Van Helsing - Alan Silvestri Decca B0002331-12
With the passing of Basil Poledouris, Alan Silvestri is the composer directors turn to if they want a loud, powerful, bombastic film score. Silvestri's film credits include the recently released Beowulf, plus earlier films such Night at the Museum, Polar Express, Lara Croft Tomb Raider, The Mummy Returns, Volcano and other such films. Unlike a number of film composers who rely heavily on synthetic music, Silvestri usually works with a live orchestra and chorus. Electronic music and synthesizers are usually kept to a minimum. Of the seven film scores written by Silvestri in the last five years the score for Van Helsing has been the greatest crowd pleaser. However, it is definitely not a chick-flick film score. The film score is an ideal torture-test for subwoofers. I used track eleven, "The Final Battle", as my subwoofer test track at CES 2008. Another person I ran into in the corridors at CES was using track one of Van Helsing for his subwoofer test. Most of the tracks on the CD are loud and full of heavy percussive acoustic sound. Thus, no matter which track you used you could very quickly separated the very best subwoofers from the wanna-bes. When played at a high volume on a system with excellent bass the results are spectacular.
Now CDs of people whacking on big drums is not new. However, to have the drum whacks interwoven into very interesting classical music with excellent use of chorus is new. In all of the rooms at CES in which I played "The Final Battle" I did not see a single male who was not tapping his foot, pounding his fist on his thigh, or banging his head in time to the music. Highly recommended as a example of how classical music can be used to raise the testosterone levels of the average male.
The Man in the Moon - James Newton Howard. Reprise 9 26763-2
Warning. This is a chick-flick music. No big drums here. Just blue grass music played with banjo, guitar, violin, and harmonica. This is happy, foot tapping music with the exception of one track, "The Funeral". When I play this music for my friends they close their eyes, get a big smile on their face, and their whole body relaxes. A very interesting physiological response to music and completely opposite of that created by Van Helsing. If you want some light hearted music to play for your female significant other to get her in a good mood, play this CD.
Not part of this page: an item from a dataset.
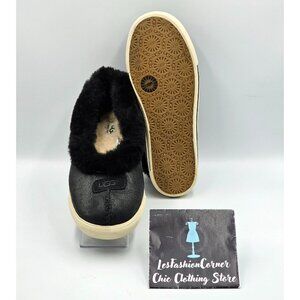 These UGG slippers are a cozy indulgence, featuring plush black fur lining and a durable exterior. Their refined design ensures both comfort and style for lounging or quick outdoor errands. Perfectly crafted to keep feet warm, they boast a luxurious feel and premium material construction, embodying relaxation at its finest.

Planet Terror - Robert Rodriguez. Varese Sarabande 302 066 807
The 2007 movie Grindhouse was a tongue-in-cheek spoof of 1950 horror movies. Quentin Tarantino directed Death Proof which was the first half of a double bill contained within one movie. Planet Terror was the second half of the double bill and was directed by Robert Rodriguez. Rodriguez first step in making Planet Terror was to write the film score. Since Grindhouse was satirizing '50s horror films he wrote music that invoked memories of watching horror films at the drive-in theater. The music is very '50s in sound with an interesting added blues touch. After setting the mood for the film with the music, Rodriguez wrote the film script, directed the movie, and then married the leading lady—Rosie McGowan of MTV. Despite being a one man show, Planet Terror was actually not a bad film, if you like zombie movies.
The music ranges from small blues ensemble—acoustic guitar, electric guitar, bass guitar, dirty sax, and drums—to all electronic tracks with synths and electric guitars. Some of the tracks are pretty industrial sounding. I enjoyed most of the tracks. However, I imagine most people won't. However, the few tracks on the CD which are written for the small blues ensemble are to die for. I used track ten "The Grindhouse Blues" as one of my test tracks at CES 2008. People thought it was a superbly recorded track of great blues music. If you are feeling adventuresome and like blues you should give this CD a listen.